この北町で(232)― あの人この人

   人麻呂って何をした人?

                                 北町3丁目 稲盛 耕二 

 昭和四十四年でしたから、私が四十歳になった時以来北町三丁目に住まわせていただいて居ります。そのころから毎日散歩する習慣が身についていたようで、現在も続いています。若い頃には、成蹊大学の桜並木の通りを西へ抜けて、市役所の横から中央公園へ、そして公園内を二周して帰って来ることを、毎朝くり返していたと記憶しています。お陰様で現在も歩くことはいといませんが、一時間以内にとどめ、疲れることのないように風の涼しい夕方などを選んでいます。五十年近く散歩を楽しみ、しかも前の日にまとめた原稿のことなどもゆっくりと思い起こして考える豊かな時間を過ごしえたのは、何よりもこの町の静かで落着いた雰囲気のお陰だと感謝して居ります。
 九十歳も近くなりましたが、まだ仕事もできると考え『万葉集』が1300年前にどのように作られたのか、若い人達と少しずつ明らかにさせてきました。とくに柿本人麻呂が漢字でやまと言葉の創作歌を最初につくり始めた人だったこと、人麻呂歌集の歌は、明日香の官人たちの作歌の参考書としてつくられたらしいことなど、多くの人の賛同を得つつあります。
 『柿本朝臣人麻呂歌集』の最も古い部分(680年以前の作)を「古体歌」と呼んでいますが、漢文訓読の方法の逆用を想像させるような、助詞・助動詞の極端に少い書き方の歌です。
 それよりも、やや多く漢字で付属語を記そうとしている歌を「新体歌」と呼ぶのは、書き方の工夫を認めてのことで、古体歌よりも読み易くなっています。

  何時 不恋時 難不有 夕方任 恋無乏

(いつはしも こひぬときとは あらねどもゆふかたまけて こひはすべなし)…古体歌


  垂乳根乃 母之手放 如是許 無為便事者 未爲国

(たらちねの ははがてはなれ かくばあり すべなきことはいまだせなくに)…新体歌

前の歌は、「宵闇せまれば 悩みは果てなし」という昭和の流行歌を思い起こさせますが中国の詩の影響が「無乏」に認められます。
 後の歌はうら若い女性の初恋の歌です。

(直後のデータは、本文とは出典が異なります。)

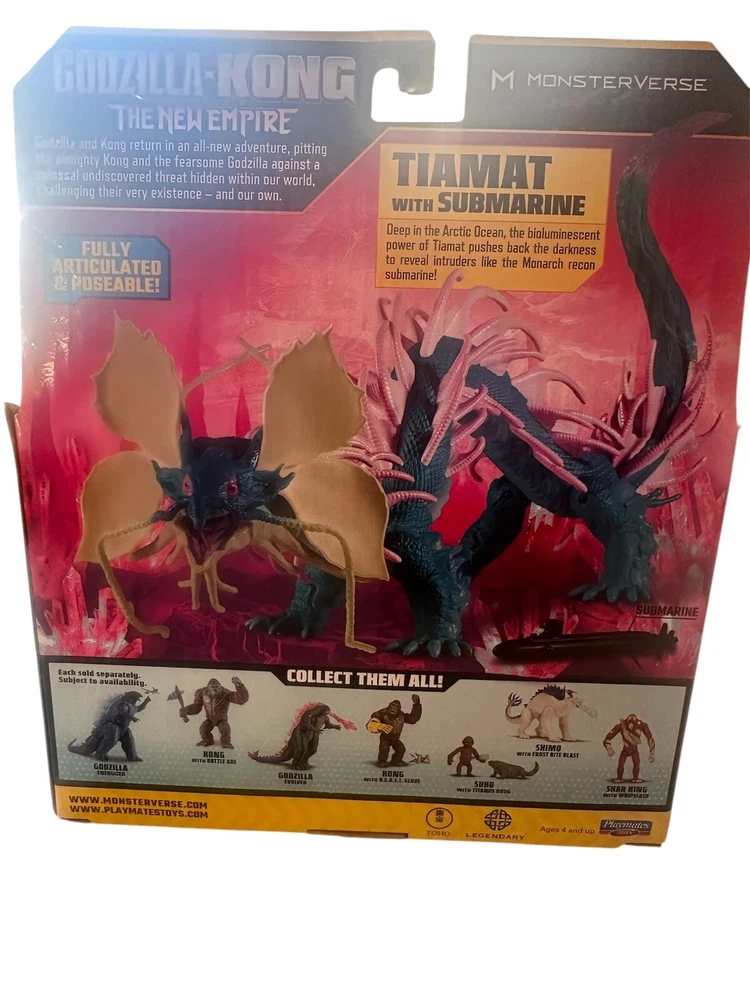 The Playmates Godzilla X Kong Monsterverse TIAMAT action figure from 2024 features a Submarine Action, adding an interactive element to the toy. With a theme inspired by Godzilla, this toy is part of the Monsters category in the world of robots, monsters, and space toys. Manufactured in China by Playmates, this figure brings the iconic characters of Godzilla and Kong to life in a dynamic and engaging way for fans of the Monsterverse franchise.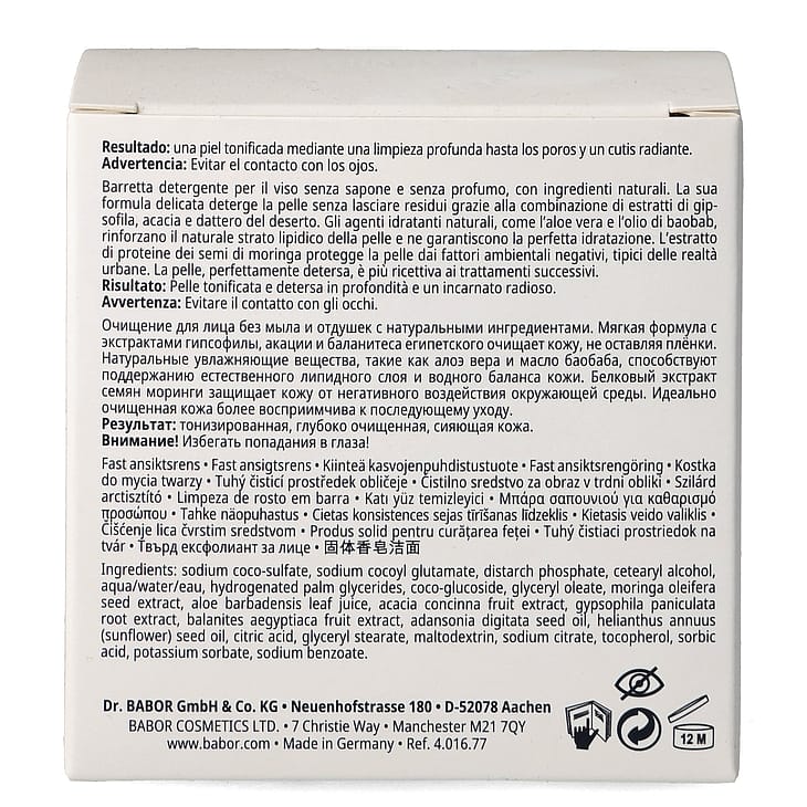 Mieto kasvojen puhdistusaine saippuan muodossa. Ei sisällä tuoksuja eikä saippuan kuivattavia ainesosia. Sisältää luonnollisia ainesosia, kuten egyptintokopuu- ja akasiauutetta sekä kosteuttavaa aloe veraa ja ravitsevaa baobab-siemenöljyä. Yhdessä ne ylläpitävät kosteutta ja pitävät ihoa suojaavan lipidikerroksen kunnossa. Samalla moringan siementen proteiiniuute suojaa ihoa ympäristön aiheuttamalta negatiiviselta stressiltä. Tuloksena on täydellisesti puhdistettu ja tasapainoinen iho.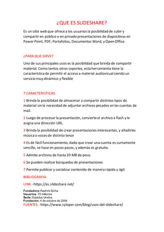 SlideShare es un sitio web que permite a los usuarios subir y compartir presentaciones de diapositivas, documentos PDF, portafolios y archivos de Word de manera pública o privada. Los usuarios pueden almacenar y compartir material audiovisual sin adjuntar archivos pesados en correos electrónicos, y crear presentaciones interesantes con música o voces. SlideShare ofrece una forma fácil y gratuita de publicar y socializar contenido.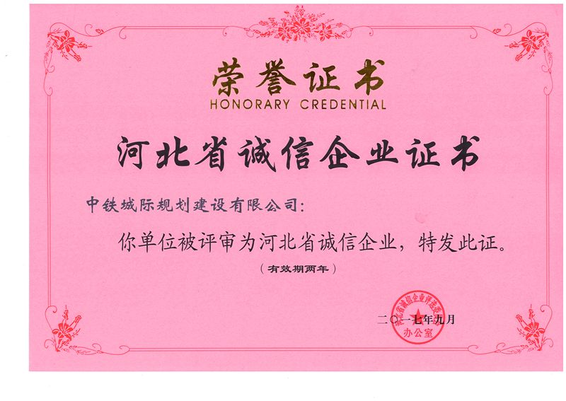 長期以來,中鐵城際規劃建設有限公司始終高度重視契約精神,守法經營、守合同重信用,以誠信經營促進企業的發展壯大。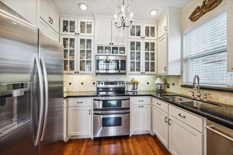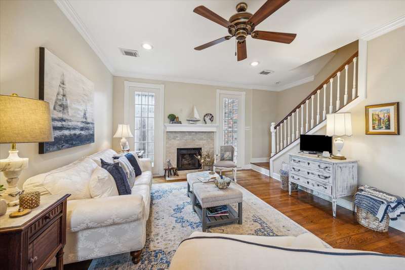 A rare find! No HOA. This charming 2/2.5 West University area single family, two-story home is tucked away providing privacy, appealing floor plan, high ceilings and great natural light. With first floor living, gas log fireplace, an abundance of double pane windows, and hardwoods, this jewel checks many boxes. A delightful powder bath with antique dresser with drop-in sink serves the first floor. The inviting kitchen includes glass front cabinets, neutral granite and travertine. The second floor boasts an attractive, calm primary suite with impressive bath with soaking tub, separate shower, water closet, and ample counter space with vanity area. A walk-in closet completes the suite. The utility with upper shelves and nearby linen closet separates the primary and secondary bedrooms. The light filled secondary suite features a walk-in closet pleasing bath w/dresser vanity, marble surround and travertine floors. The outdoor space is pleasing & low maintenance. 2049 sqft lot (per survey).

人麻呂は女性の歌を、女性より上手に詠んだ歌人でした。 その歌のレトリックが、中国のみでなく、シルクロードのさらに西の、ヨーロッパのレトリックの影響も受けているのではないかと、目下確かめているところです。
 また現代詩人の中村稔さんが「人麻呂の歌のような詩が作られたらと思っている」と記しているのを読んだことがありますし、大岡信君(旧制高校・大学の同期でした)も『古典を読む 万葉集』に人麻呂を情熱的に語っています。
 人麻呂を「歌のひじり」(歌聖)と古今集等に記しているのは、俳聖芭蕉と同様に、はじめた人としての敬意をこめての事だったのでしょう。
 文字を持たなかった日本人が漢字を使いこなした上に、「ひらがな」「カタカナ」までを生み出すキッカケを人麻呂が作ったと、私は考えています。